All but the last assignment are interesting. A fair amount of the lectures are also good, even though some of them are too theoretical - the bad lectures are the ones that focus too much into proving mathematical properties, but thankfully there is just a few of those.The last assignment is considerably larger than the other ones and requires a physics background (or interest to do research on your own). I think they could improve it by approaching the material independently with smaller exercises before applying them again into the larger application that is built as part of the assignment today.

By ejla on 8-Mar-19

Plus: Very in-depth lectures, challenging assignments. Minus: The actual parallel code somewhat remains a black-box, assignments sometimes focus more on figuring out the algorithm logic which may not have anything to do with the course. Still I enjoyed it and learned a great deal.

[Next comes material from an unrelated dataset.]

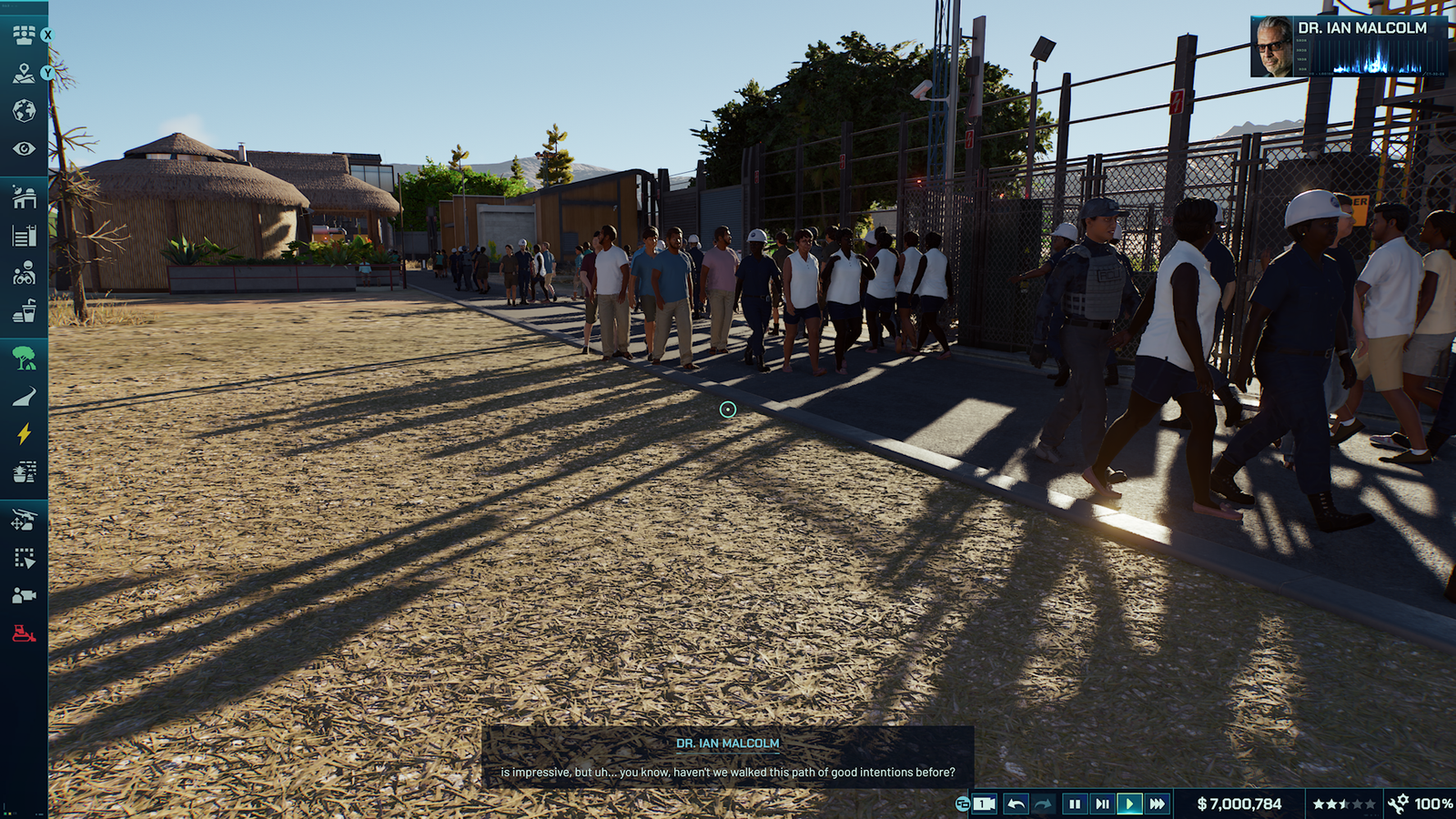 Another sour note of the game I want to mention are the Dino Attacks. Once in a while, dinosaurs may either roam in and request take out in the form of your guests and workers or, if you aren’t paying attention, the electrified fences may fail and a dinosaur or two may escape. While, yes, you can let your sadistic side out and let the people get nommed; remember, you are trying to run a legitimate theme park and letting your guests live out their voracious fantasies is not good for your bottom line. So, in order to combat these attacks and prevent your park from being the inspiration for YouTubers who discuss theme park accidents, you first need to build an Emergency Bunker for everyone to evacuate to and a Response Facility to handle the dinosaurs. Once the dinos are free or have wandered into your park, you can send these guys out and they’ll tranq the dinos, putting them into a peaceful sleep, allowing you to send a crew out and add the dinos to your park. These guys are also able to tranquilize sick dinos for the medical staff to examine them and, in a cool bit of gameplay, you can actually take control of the Response team, as well as other team members, and do the dirty work yourself. I do have to say that the controls here weren’t the best and felt just slightly loose but not enough to feel bad. That being said, despite being a cool addition and a decent tension adder, this never really felt like a major problem. As long as you’re keeping an eye on the generators, making sure the dinos are well-fed, and you have security cameras set up, dino attacks become just a minor hindrance then anything substantial. That’s not to say it’s a bad addition, I just would’ve loved to have seen it fleshed out just a bit more. Like, imagine a mode where you play the Response Team and your job is to hunt down and tranq all the escaped dinos in a first person horror game or, heck, imagine being able to play AS the dinos and wreak havoc yourself! I did make an interesting observation and this is honestly a bit funny. While I was playing the game and was controlling the Response Team, I took a close look at their Tranq Rifles and noticed it had an underbelly M203 Grenade Launcher attached. I don’t know why that got my attention but I’m just having this image of one of the members shouting ‘Say “Hello” to my little friend!’ and firing a grenade from the tranq as a last resort. That aside, though you have to admit that would be funny, the only other real sour note I want to mention is the campaign itself. To be honest, it’s just OK at best and mediocre at worst. To put it bluntly, It’s really just a glorified longform tutorial to get you used to the mechanics of the game, with some minor story bits here and there, and nothing really substantial. Not that I was expecting a game where you manage a theme park to have storytelling to rival Mass Effect, mind you, but it would’ve been nice to have just a decent story. Though, come to think of it? That actually would be kind of a cool game idea. I will also admit the dinosaur-activist faction in the game, who will try to sabotage your parks, is a cool idea as I can totally see something like them existing in real life if dinos were somehow resurrected. Still, while I’ve no doubt fans of the Jurassic World series would enjoy the campaign but, for others, it’s good for the first few levels then you’re probably better off playing the sandbox mode for the rest of the game.
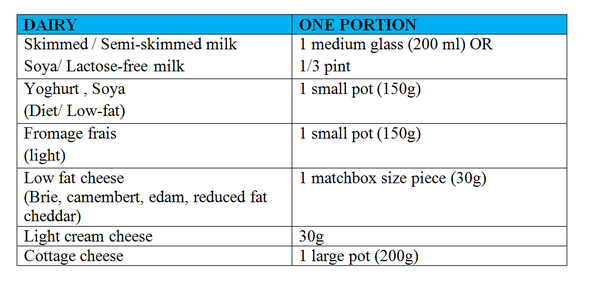 - 2 x 125g low-fat plain or natural yogurt or 0% fat yogurt per day. Aim to avoid fruit yogurts as they can be high in sugar and fat. You can add sugar free syrups or flavourings into the plain/natural yogurt to adjust the taste if needed.

By Leitner C S E S on 21-Nov-17

Some of the practical examples are a bit tedious, because the bigger issues you sometimes need to solve seem to be implementing a random algorithm, instead of implementing its parallelization per se. That is, the support classes for parallelizing the algorithms are pre-coded for you, while you at times spend more time figuring out how the algorithm itself needs to be implemented with that rather than coming up with these parallelization semaphores (which I would have considered more interesting, at least). But the content covered is highly relevant and first class (the authors being world-leading experts on the topic), so if you are interested in parallel programming, this is course is a great choice.

By Marcin Z on 16-Apr-19

First 3 weeks were cool, but the last week was somehow rushed and the assignment did not involve any parallel programming.

By Ilya B on 20-Jan-19

The tasks are not well designed for online education

By Kinshuk V on 16-Dec-17

Although the course is taught well and covers a lot of ground, it is my opinion that the course content is not relevant to what I and majority of other Scala developers were looking for in terms of parallel programming. The instructor has been upfront in differentiating parallel programming (the objective of this course) from concurrency programming. However, I was more interested in learning about concurrency, especially about Akka actors, etc. I wish there was a course of Akka, which is what most Scala developers use for concurrent applications.

By Oliinyk V on 2-Apr-18

General idea of the course is very good. There are a few things to improve though:Focus more on intuition behind algorithms rather than formal mathBuild a solid foundation that would allow students to develop parallel algorithms themselves. Practical assignments should focus exactly on this, rather than filling in missing pieces of code that are only tangentially related to the algorithm itself. It would be helpful if the course provided minimal but solid basics and intuition behind parallel computations. The basics that would allow students to learn more advanced concepts themselves.In any case, the course has a lot of value and the instructors are awesome.

By Denys L on 10-Dec-18

Nice and complicated

By Christoph K on 27-Nov-18

Very interesting material, especially the prefix sum algorithms about, how to transform a sequential problem into a parallel problem.

By Bruno M on 3-Dec-18

Very good introductory theoretical foundation for parallell algorithms, and background for the Big Data Analysis with Scala and Spark course.

By Sviridenko K on 26-Mar-19

Amazing practice assignments! It was very interesting to solve them.

By Paulo R d O C on 13-Sep-18

Hard course, but gives good insights about the challenges and solutions for parallel programming.